Task data:
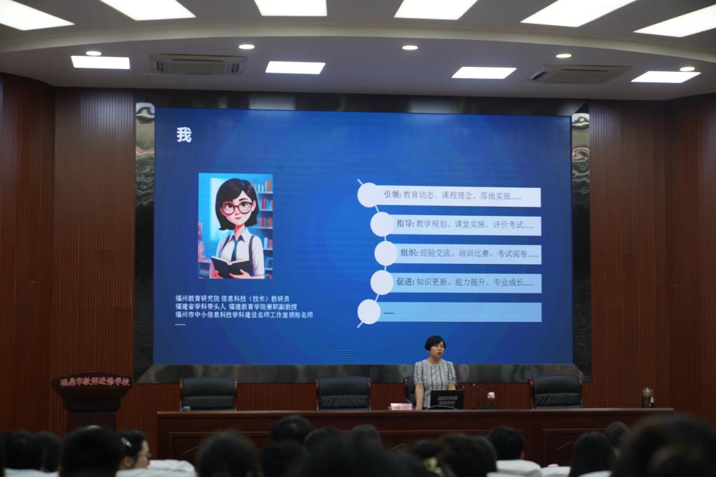 8月21日上午,福州教育研究院信息技术学科教研员、福建省学科教学带头人、福州市中学信息科技学科建设名师工作室领衔名师、福建省基础教育信息化专家库专家林昉老师为新教师做专题讲座。她向大家展示了课堂数字化的典型案例,发起了“信息时代教师应具备的基本信息素养?”等问题互动,引发各参训教师的深刻思考和积极讨论。她也给学员们分享了各类优质的数智资源,建议大家用好国家中小学智慧教育平台,在日常教学中有效常态化应用,以提升自身的业务能力和教学水平,为学生创造更好的数智化学习体验。
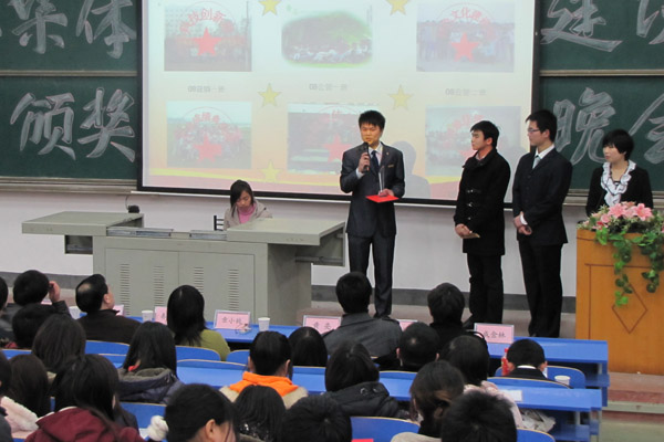 此次班集体建设工程颁奖盛典设立“先进班集体”、“特色文化建设班”、“科技创新班”等九个奖项,颁奖环节悬念迭出,现场气氛非常活跃。此番获奖班级名单采取现场揭晓的形式,将九个候选班级集体照特设为九宫格,由各奖项上届获奖班级代表担任颁奖嘉宾,揭晓结果,分享经验。其中, 2008 公管一班荣摘班集体建设工程 “先进班集体”称号; 2008 计算机班的同学们三年如一日帮助身残志坚的龚后武同学,获评“思想素质模范班”称号。
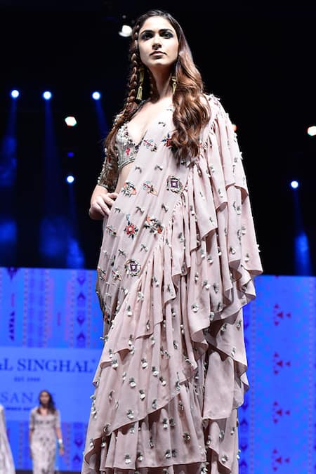 Rose pink georgette frill saree with embroidered motifs. Paired with embroidered choli & petticoat.
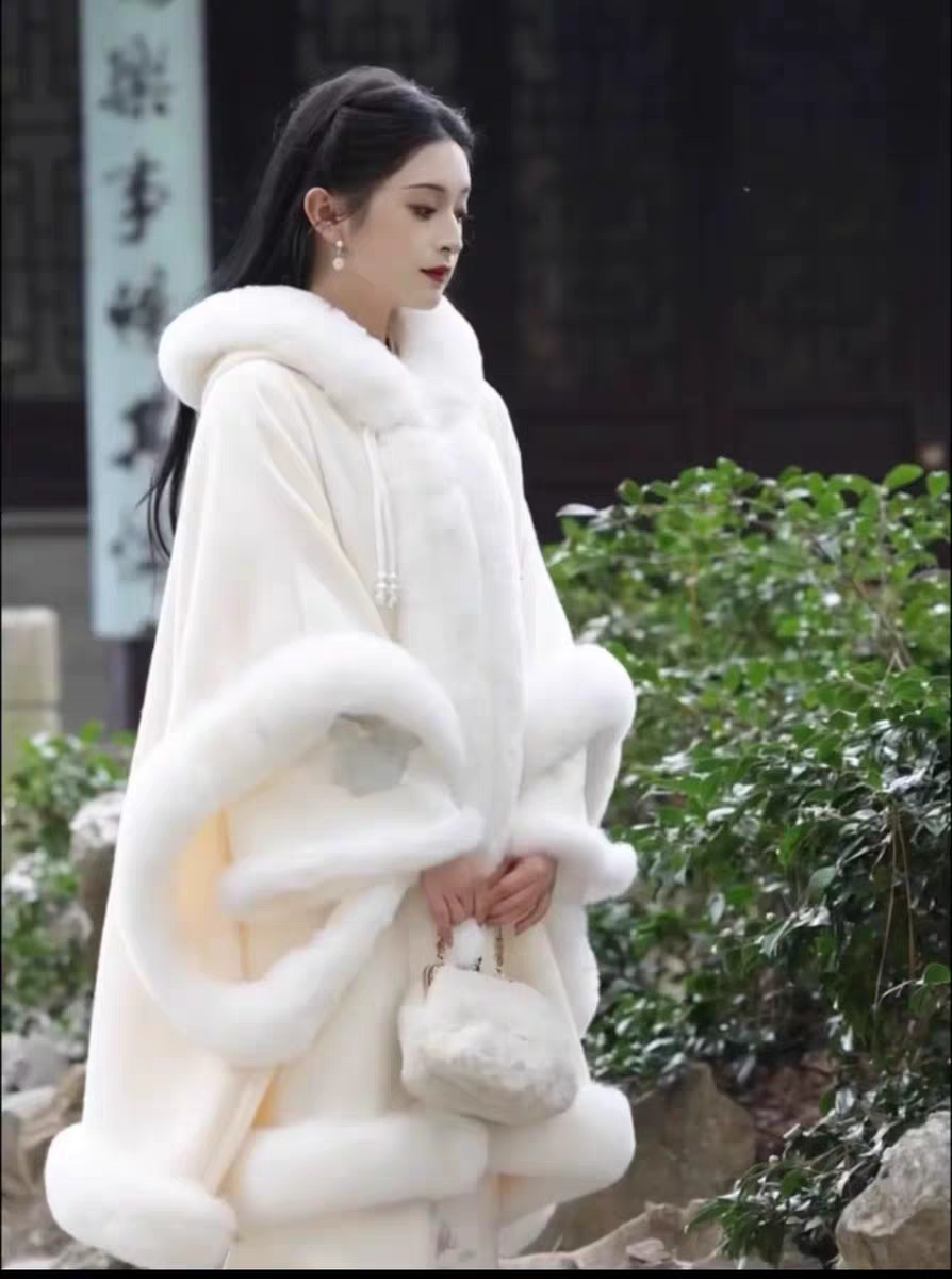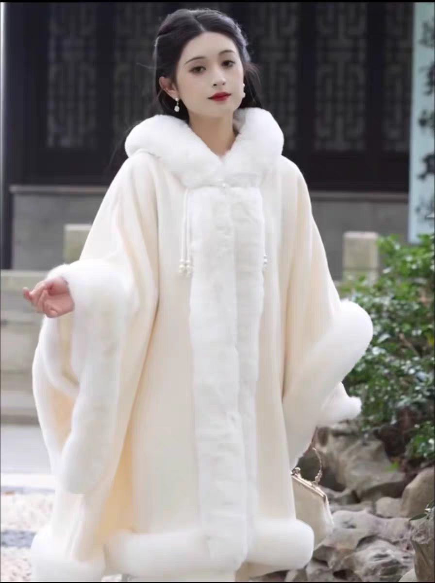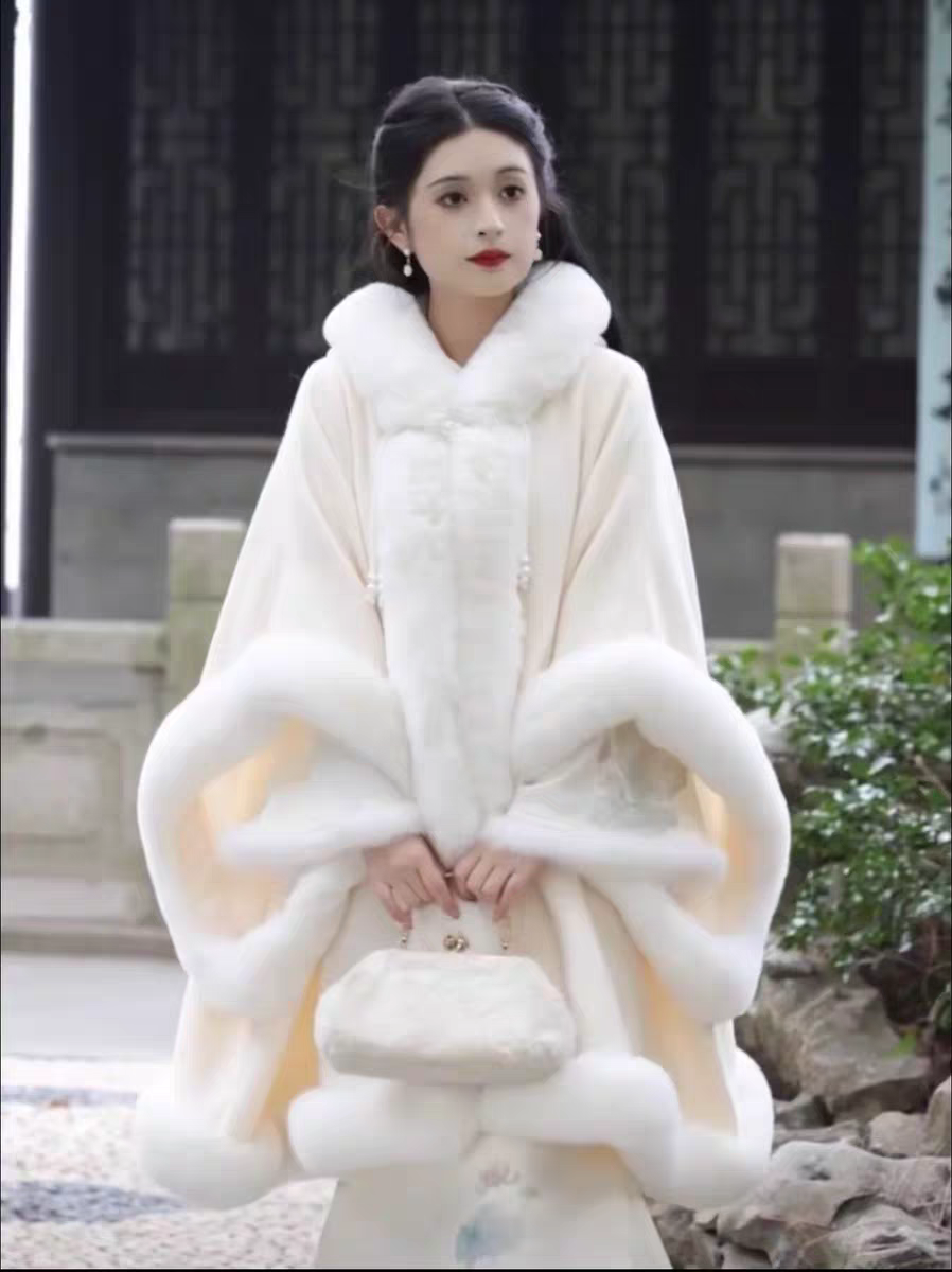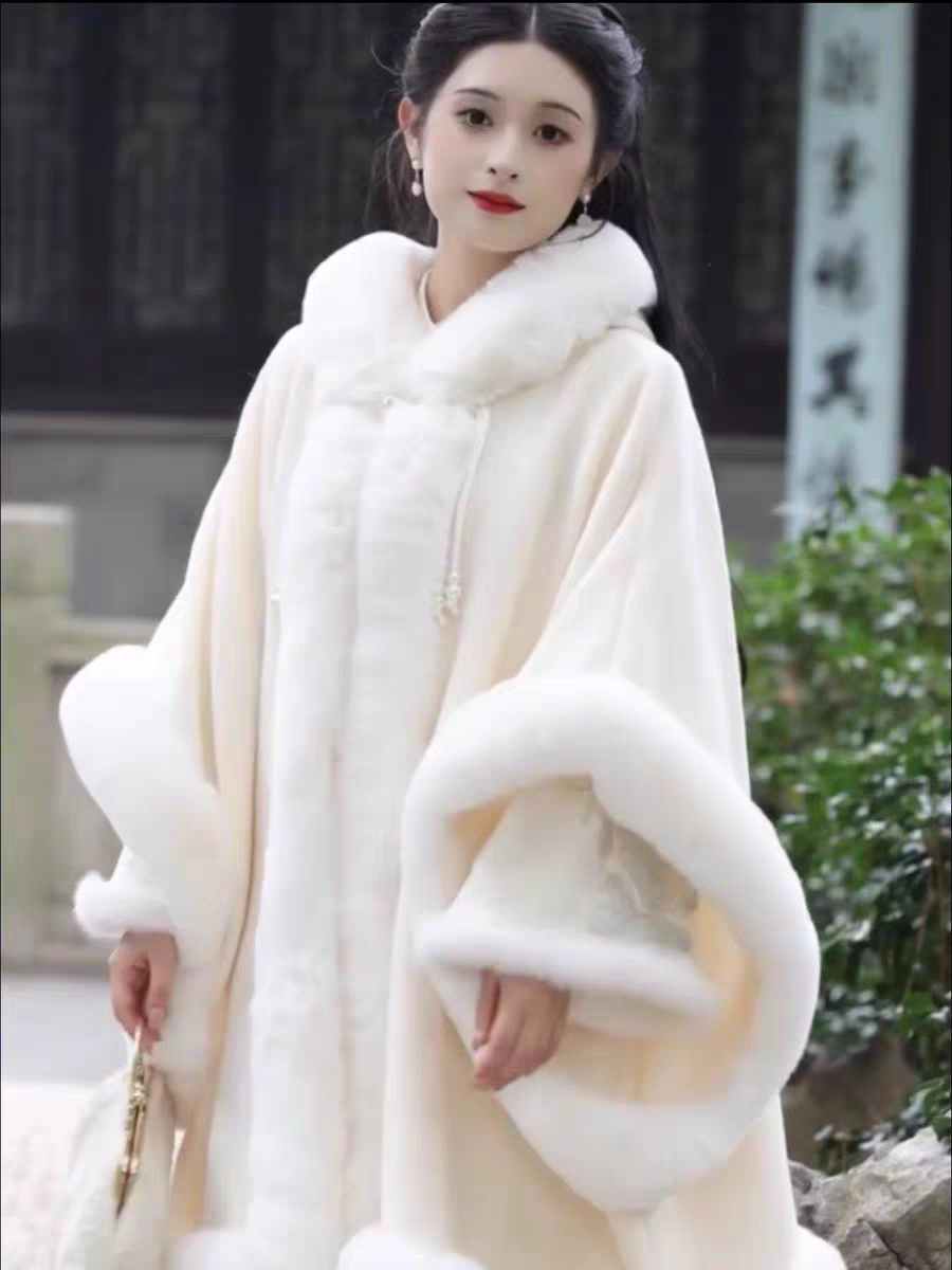 斗篷披肩新中式国风毛领披肩冬季保暖加厚纯色简约气质斗篷外套女
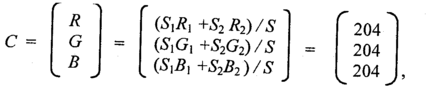 где C1 и C2— цвета, которые графическое устройство способно непосредственно воспроизвести для каждого пиксела. Числовые значения С, C1 и C2 можно рассчитать в полутоновых градациях или в модели RGB — отдельно для каждой компоненты.
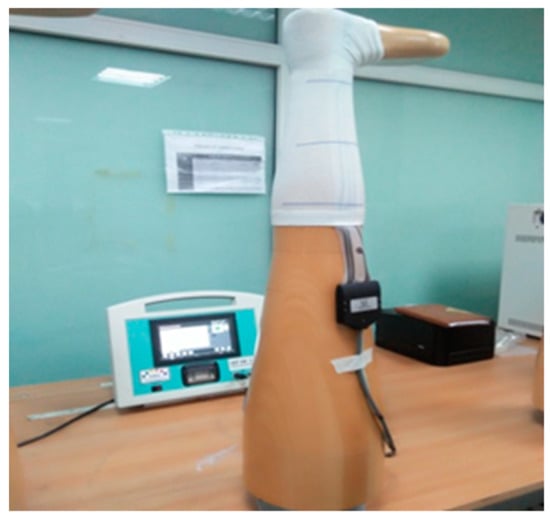 Compression testing can be performed in two ways in vivo (direct or wearer method) and in vitro (indirect or model method) using different instruments, such as a HOSY system, tensile testing device, HATRA and medical stocking tester (MST). In the present research, an in vitro method was adopted to evaluate the compression pressure values. A Sazlmann AG stocking measuring device available in different MST models (e.g., MST, MST II, MST III, MST IV and MST V models) (Salzmann AG, St Gallen, Switzerland, MST MK V), as shown in Figure 4, was used in the present research. The measurement principle of MST is based on the use of a pressure transducer. The compression testing was performed according to 387/1-2008, using quality and testing specifications for medical compression hosiery prescribed by RAL German Institute for Quality Assurance and Labeling []. A pneumatic probe or sensor was placed between a wooden leg and stocking samples. Compression pressure values were measured at the pressure points, e.g., the ankle (B), gaiter (B1) and calf (C). The samples were placed vertically along a wooden leg model with a circular cross-section. In compression garments, mmHg is commonly used as the unit of compression pressure to define the pressure dosage (1 mmHg = 133.322 Pascal). All pressure values were noted in mmHg. The pressure values were measured when each reading was stable. Three readings were taken at each point and the average was used for analysis. Three measurements were taken at each measurement point after an interval of three minutes.
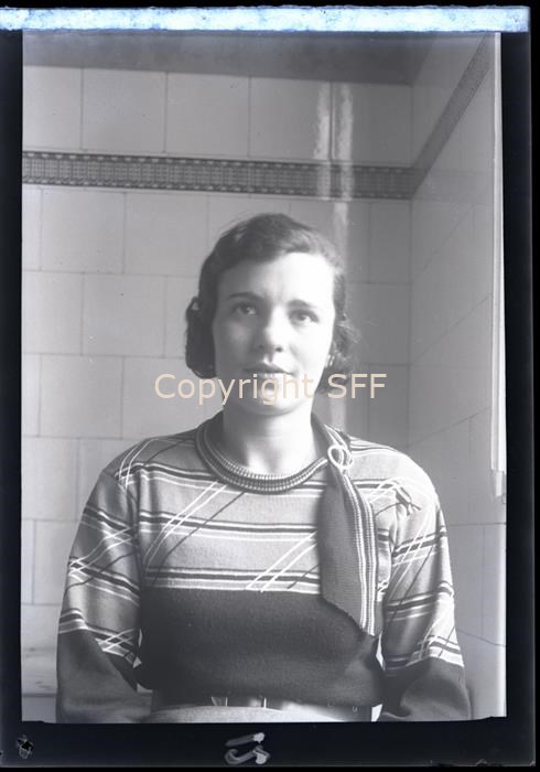Ritratto di Carmen Runco, nipote di Pellis. La ragazza è ripresa frontalmente da seduta in ambiente domestico, forse una cucina
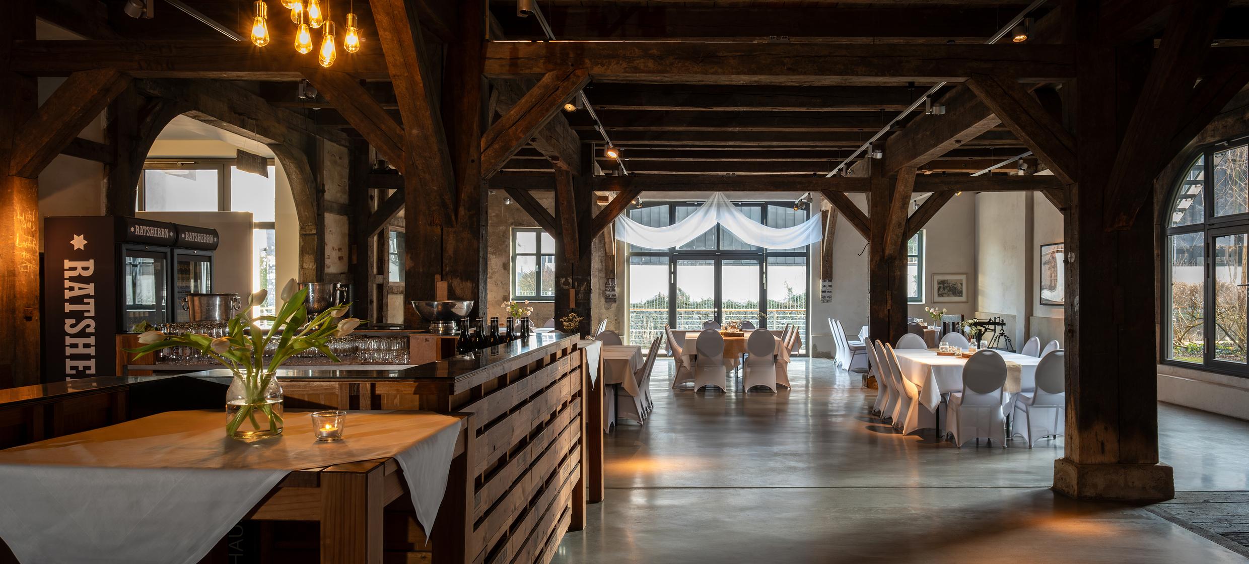 Die Kombination aus Innen- und Außenbereich macht den Speicher am Kaufhauskanal zu einem Highlight. Eine Veranda mit Blick aufs Wasser, ein kleiner Biergarten und eine gepflasterte Außenfläche sorgen für ein idyllisches Ambiente. Dank eines Vertrags-Caterers und einer attraktiven Bar wird jeder Anlass durch kulinarische Highlights abgerundet.

Task item:
The line containing "где C1 и C2—" marks the end: copy exactly every line from the start of the records up to and including it, leaving out the pictures.

Final answer:
 8月21日上午,福州教育研究院信息技术学科教研员、福建省学科教学带头人、福州市中学信息科技学科建设名师工作室领衔名师、福建省基础教育信息化专家库专家林昉老师为新教师做专题讲座。她向大家展示了课堂数字化的典型案例,发起了“信息时代教师应具备的基本信息素养?”等问题互动,引发各参训教师的深刻思考和积极讨论。她也给学员们分享了各类优质的数智资源,建议大家用好国家中小学智慧教育平台,在日常教学中有效常态化应用,以提升自身的业务能力和教学水平,为学生创造更好的数智化学习体验。
 此次班集体建设工程颁奖盛典设立“先进班集体”、“特色文化建设班”、“科技创新班”等九个奖项,颁奖环节悬念迭出,现场气氛非常活跃。此番获奖班级名单采取现场揭晓的形式,将九个候选班级集体照特设为九宫格,由各奖项上届获奖班级代表担任颁奖嘉宾,揭晓结果,分享经验。其中, 2008 公管一班荣摘班集体建设工程 “先进班集体”称号; 2008 计算机班的同学们三年如一日帮助身残志坚的龚后武同学,获评“思想素质模范班”称号。
 Rose pink georgette frill saree with embroidered motifs. Paired with embroidered choli & petticoat.
 斗篷披肩新中式国风毛领披肩冬季保暖加厚纯色简约气质斗篷外套女
 где C1 и C2— цвета, которые графическое устройство способно непосредственно воспроизвести для каждого пиксела. Числовые значения С, C1 и C2 можно рассчитать в полутоновых градациях или в модели RGB — отдельно для каждой компоненты.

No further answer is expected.